DATA FOR THIS EXERCISE »
-=-=-

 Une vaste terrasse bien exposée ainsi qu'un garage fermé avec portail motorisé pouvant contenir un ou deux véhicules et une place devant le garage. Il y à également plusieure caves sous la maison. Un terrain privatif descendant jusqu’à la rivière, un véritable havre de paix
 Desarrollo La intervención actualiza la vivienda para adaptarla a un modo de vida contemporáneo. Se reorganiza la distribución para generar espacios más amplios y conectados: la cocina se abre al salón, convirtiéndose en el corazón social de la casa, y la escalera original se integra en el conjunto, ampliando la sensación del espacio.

-=-=-

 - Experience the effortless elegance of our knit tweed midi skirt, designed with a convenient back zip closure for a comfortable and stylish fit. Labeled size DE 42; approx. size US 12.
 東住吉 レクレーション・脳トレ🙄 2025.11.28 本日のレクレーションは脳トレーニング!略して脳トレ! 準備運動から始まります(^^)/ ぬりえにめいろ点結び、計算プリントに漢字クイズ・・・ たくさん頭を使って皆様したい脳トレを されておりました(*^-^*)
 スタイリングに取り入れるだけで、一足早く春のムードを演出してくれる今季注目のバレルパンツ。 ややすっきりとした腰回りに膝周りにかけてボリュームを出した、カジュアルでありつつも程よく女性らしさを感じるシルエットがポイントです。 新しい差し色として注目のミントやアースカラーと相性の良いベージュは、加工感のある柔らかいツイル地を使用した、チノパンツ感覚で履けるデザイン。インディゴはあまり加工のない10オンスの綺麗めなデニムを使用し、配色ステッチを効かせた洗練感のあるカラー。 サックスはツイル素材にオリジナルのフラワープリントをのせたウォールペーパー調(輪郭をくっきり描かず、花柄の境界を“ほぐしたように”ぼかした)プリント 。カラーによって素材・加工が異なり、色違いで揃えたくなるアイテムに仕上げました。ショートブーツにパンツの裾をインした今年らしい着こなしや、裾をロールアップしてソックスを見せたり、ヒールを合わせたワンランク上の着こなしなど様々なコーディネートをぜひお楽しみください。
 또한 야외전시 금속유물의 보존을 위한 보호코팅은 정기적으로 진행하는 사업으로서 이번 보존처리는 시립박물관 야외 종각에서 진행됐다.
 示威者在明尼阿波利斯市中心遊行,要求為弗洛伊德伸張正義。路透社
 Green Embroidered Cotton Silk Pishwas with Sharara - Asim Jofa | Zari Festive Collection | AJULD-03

-=-=-

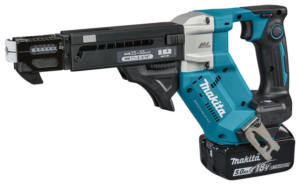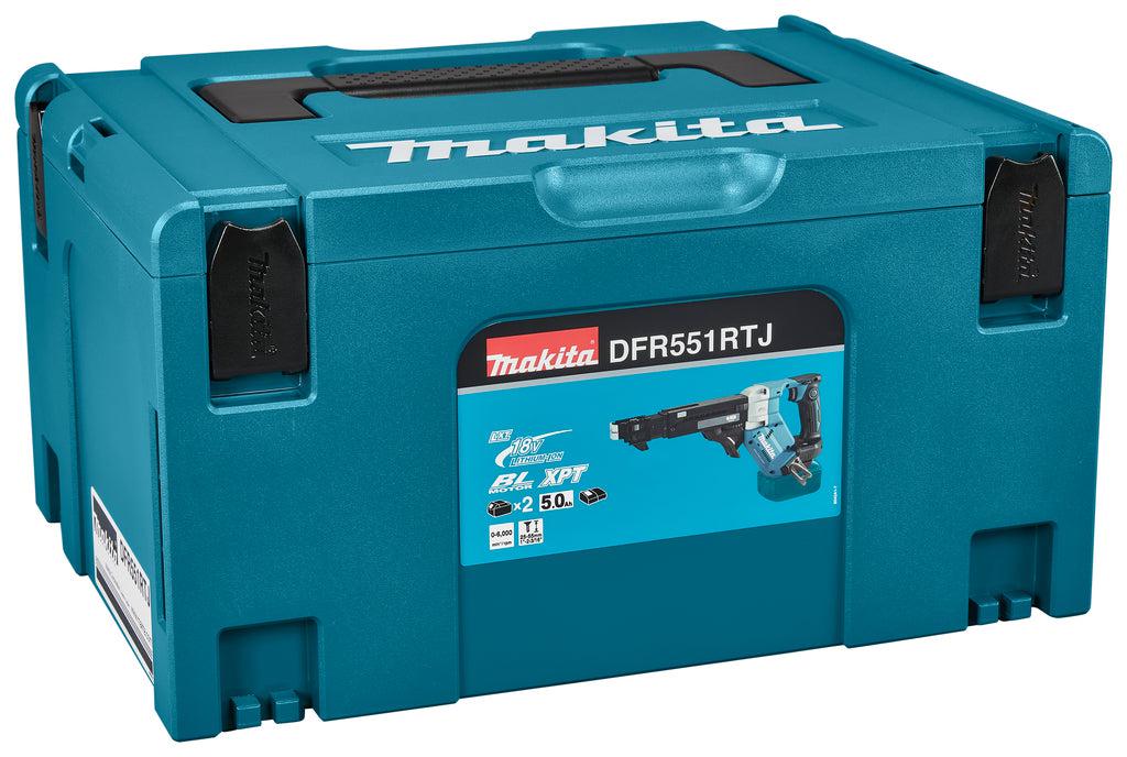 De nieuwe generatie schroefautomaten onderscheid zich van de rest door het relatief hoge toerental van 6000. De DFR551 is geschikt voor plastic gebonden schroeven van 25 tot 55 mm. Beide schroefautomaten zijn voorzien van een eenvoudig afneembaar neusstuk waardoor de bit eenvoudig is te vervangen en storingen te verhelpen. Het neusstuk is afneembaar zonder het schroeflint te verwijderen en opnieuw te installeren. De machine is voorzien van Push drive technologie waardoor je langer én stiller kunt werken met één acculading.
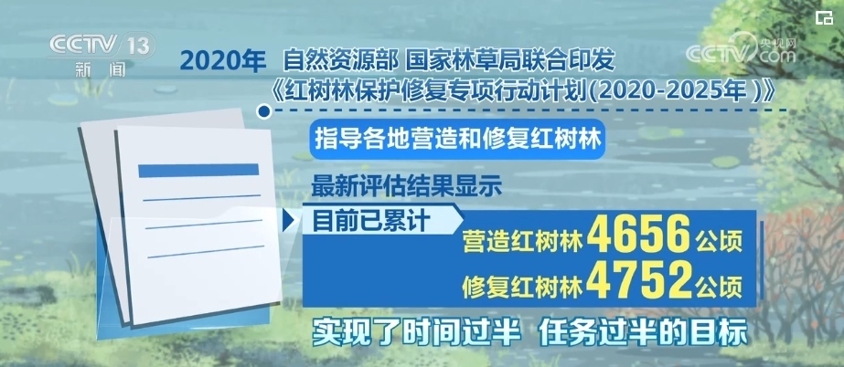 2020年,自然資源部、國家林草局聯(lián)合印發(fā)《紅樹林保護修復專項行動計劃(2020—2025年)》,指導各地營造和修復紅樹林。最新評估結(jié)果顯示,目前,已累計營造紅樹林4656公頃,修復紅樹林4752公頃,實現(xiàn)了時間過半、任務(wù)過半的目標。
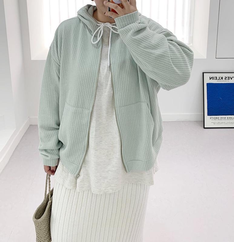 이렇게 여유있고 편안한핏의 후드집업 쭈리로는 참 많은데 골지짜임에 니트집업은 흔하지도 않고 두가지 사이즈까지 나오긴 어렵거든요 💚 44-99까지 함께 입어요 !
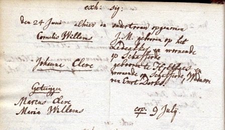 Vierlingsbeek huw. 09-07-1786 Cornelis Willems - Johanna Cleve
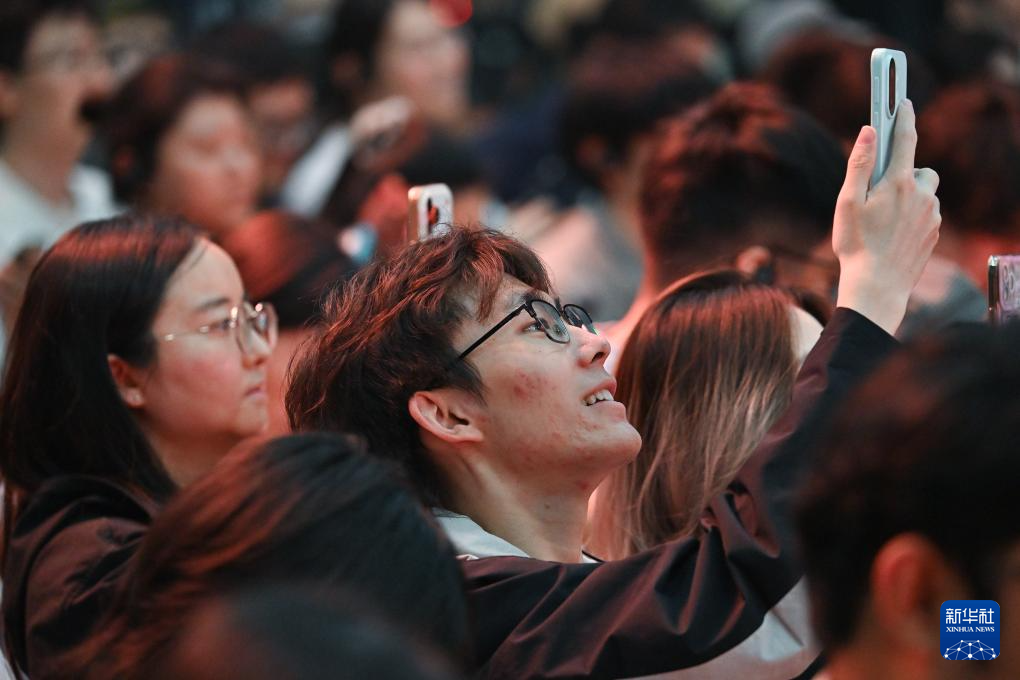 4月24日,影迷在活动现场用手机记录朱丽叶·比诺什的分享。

-=-=-

EXERCISE DIRECTIONS »
Every line in the data above that includes the word "with" should be copied.

COMPLETED TASK »
 - Experience the effortless elegance of our knit tweed midi skirt, designed with a convenient back zip closure for a comfortable and stylish fit. Labeled size DE 42; approx. size US 12.
 Green Embroidered Cotton Silk Pishwas with Sharara - Asim Jofa | Zari Festive Collection | AJULD-03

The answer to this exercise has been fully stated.